Assigned task:
Lines to return, exactly: from the line with "Клей для облицовки" to the line with "そして何と言っても便利なのが" in the entries below, both included.

Working data:
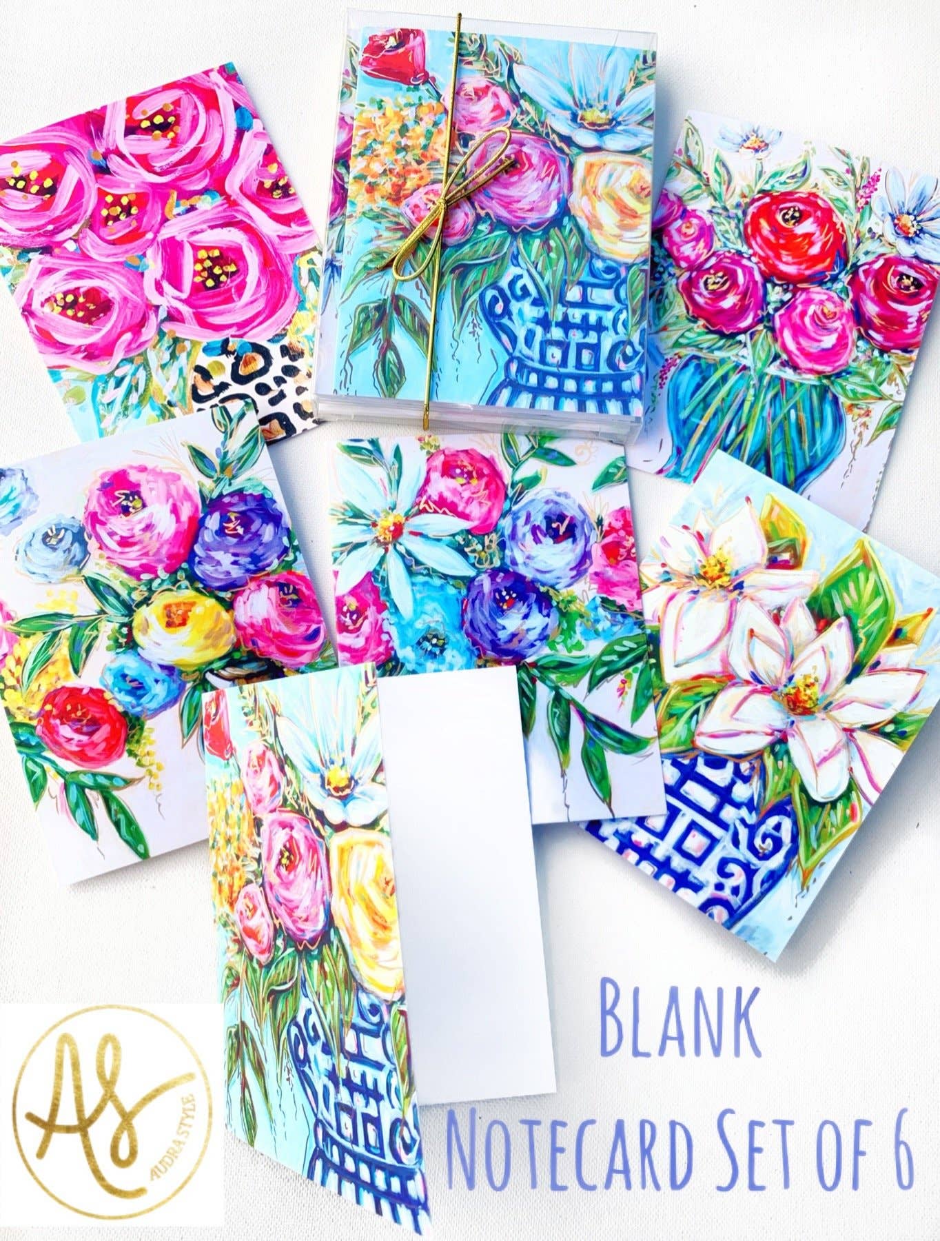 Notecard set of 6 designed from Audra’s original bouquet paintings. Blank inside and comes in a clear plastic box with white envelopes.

---

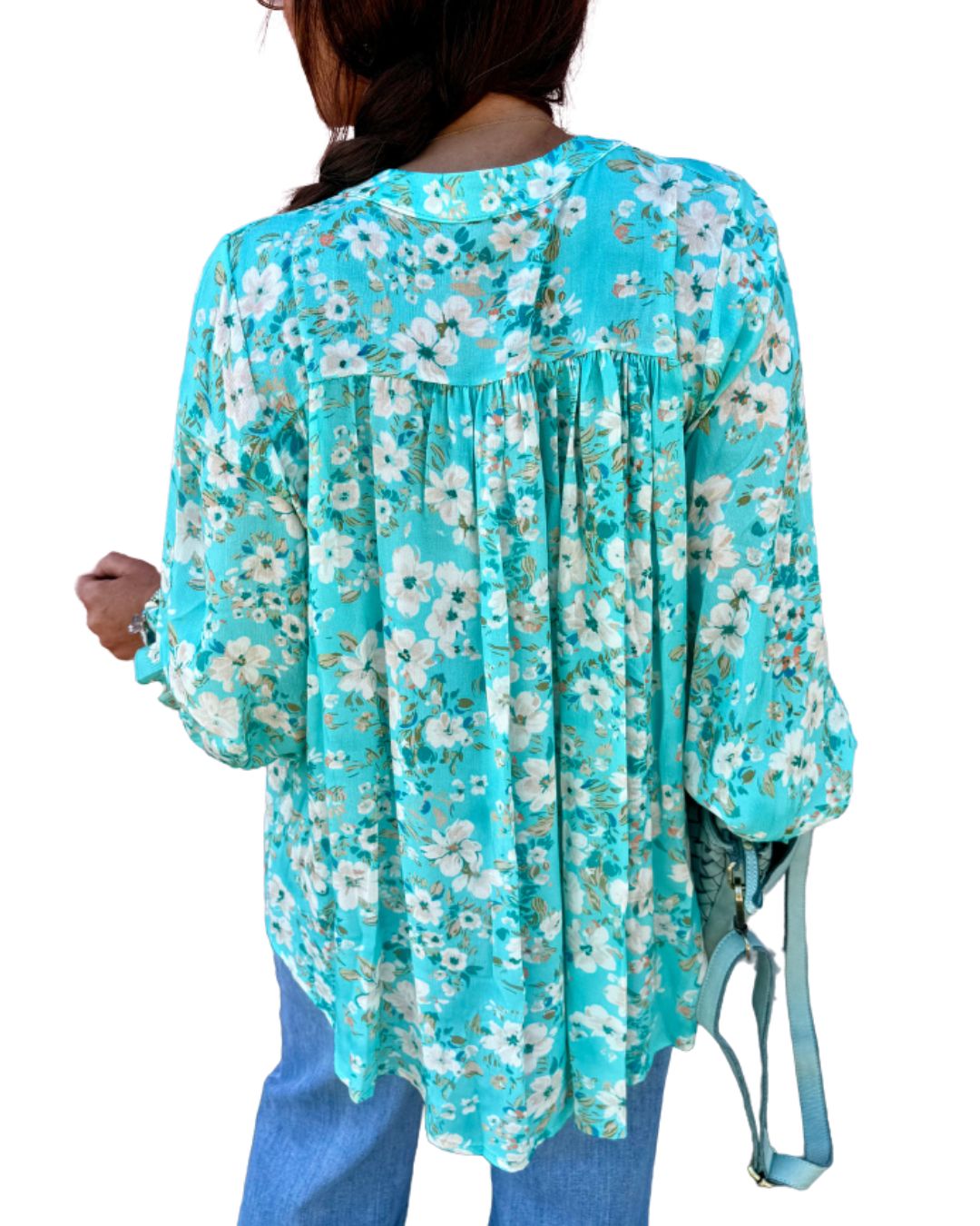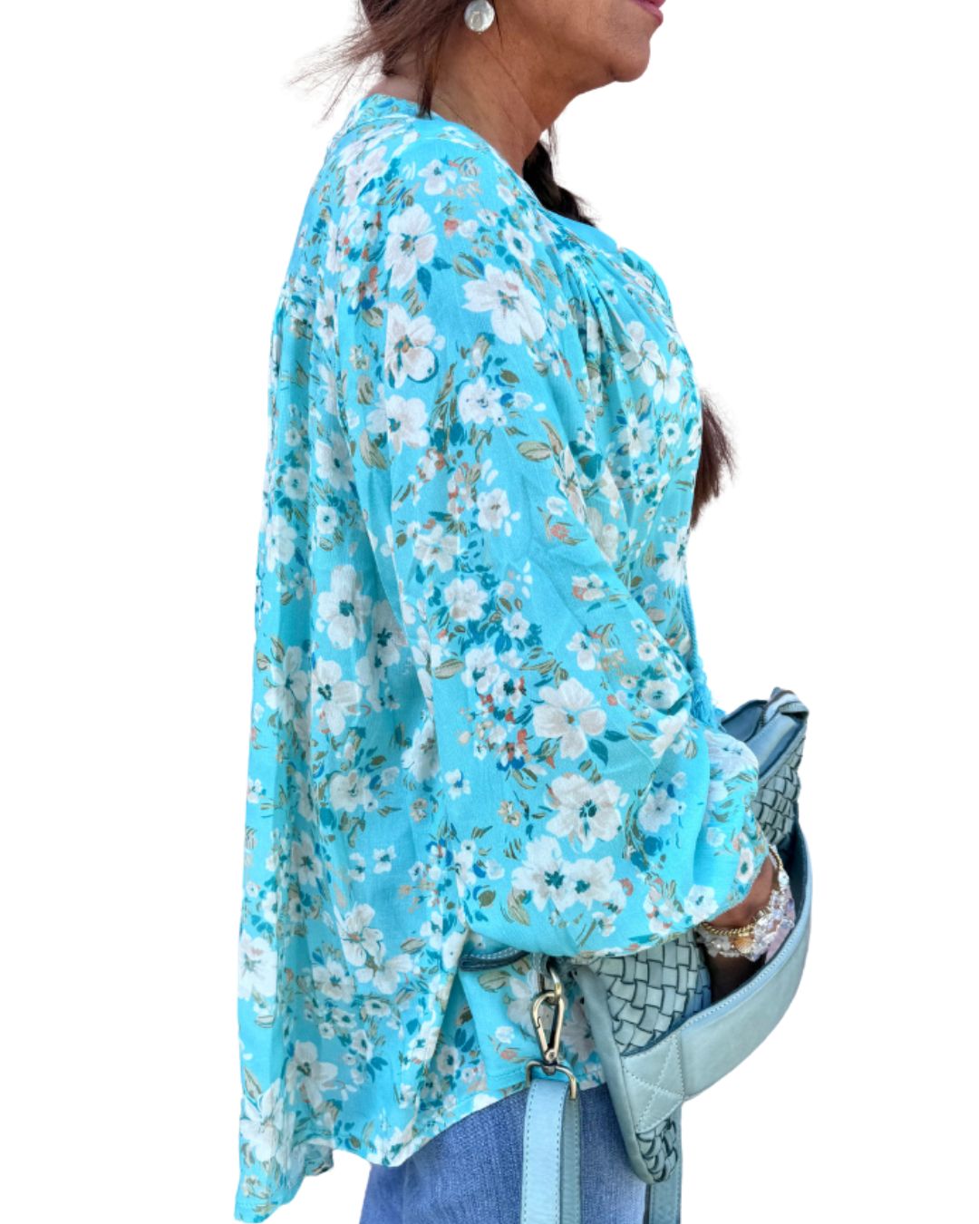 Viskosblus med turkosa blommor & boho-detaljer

...

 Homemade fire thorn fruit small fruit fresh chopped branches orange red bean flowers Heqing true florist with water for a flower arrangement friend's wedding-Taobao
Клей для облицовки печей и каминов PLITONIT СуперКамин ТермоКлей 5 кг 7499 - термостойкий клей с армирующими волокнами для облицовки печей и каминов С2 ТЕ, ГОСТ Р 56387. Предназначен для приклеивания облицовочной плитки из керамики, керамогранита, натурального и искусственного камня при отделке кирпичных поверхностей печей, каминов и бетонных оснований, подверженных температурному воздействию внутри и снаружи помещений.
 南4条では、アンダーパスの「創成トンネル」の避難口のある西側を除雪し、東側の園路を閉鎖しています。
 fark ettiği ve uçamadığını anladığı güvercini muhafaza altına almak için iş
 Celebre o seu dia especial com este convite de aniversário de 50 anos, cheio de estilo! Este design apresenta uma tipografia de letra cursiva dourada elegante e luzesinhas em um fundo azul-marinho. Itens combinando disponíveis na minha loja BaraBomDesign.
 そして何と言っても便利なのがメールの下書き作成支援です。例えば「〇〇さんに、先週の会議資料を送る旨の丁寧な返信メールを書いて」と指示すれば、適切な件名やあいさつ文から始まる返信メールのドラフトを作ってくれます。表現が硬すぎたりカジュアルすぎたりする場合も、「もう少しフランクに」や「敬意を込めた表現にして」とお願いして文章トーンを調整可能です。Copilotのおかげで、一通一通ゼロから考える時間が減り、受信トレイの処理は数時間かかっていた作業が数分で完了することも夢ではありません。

Result:
Клей для облицовки печей и каминов PLITONIT СуперКамин ТермоКлей 5 кг 7499 - термостойкий клей с армирующими волокнами для облицовки печей и каминов С2 ТЕ, ГОСТ Р 56387. Предназначен для приклеивания облицовочной плитки из керамики, керамогранита, натурального и искусственного камня при отделке кирпичных поверхностей печей, каминов и бетонных оснований, подверженных температурному воздействию внутри и снаружи помещений.
 南4条では、アンダーパスの「創成トンネル」の避難口のある西側を除雪し、東側の園路を閉鎖しています。
 fark ettiği ve uçamadığını anladığı güvercini muhafaza altına almak için iş
 Celebre o seu dia especial com este convite de aniversário de 50 anos, cheio de estilo! Este design apresenta uma tipografia de letra cursiva dourada elegante e luzesinhas em um fundo azul-marinho. Itens combinando disponíveis na minha loja BaraBomDesign.
 そして何と言っても便利なのがメールの下書き作成支援です。例えば「〇〇さんに、先週の会議資料を送る旨の丁寧な返信メールを書いて」と指示すれば、適切な件名やあいさつ文から始まる返信メールのドラフトを作ってくれます。表現が硬すぎたりカジュアルすぎたりする場合も、「もう少しフランクに」や「敬意を込めた表現にして」とお願いして文章トーンを調整可能です。Copilotのおかげで、一通一通ゼロから考える時間が減り、受信トレイの処理は数時間かかっていた作業が数分で完了することも夢ではありません。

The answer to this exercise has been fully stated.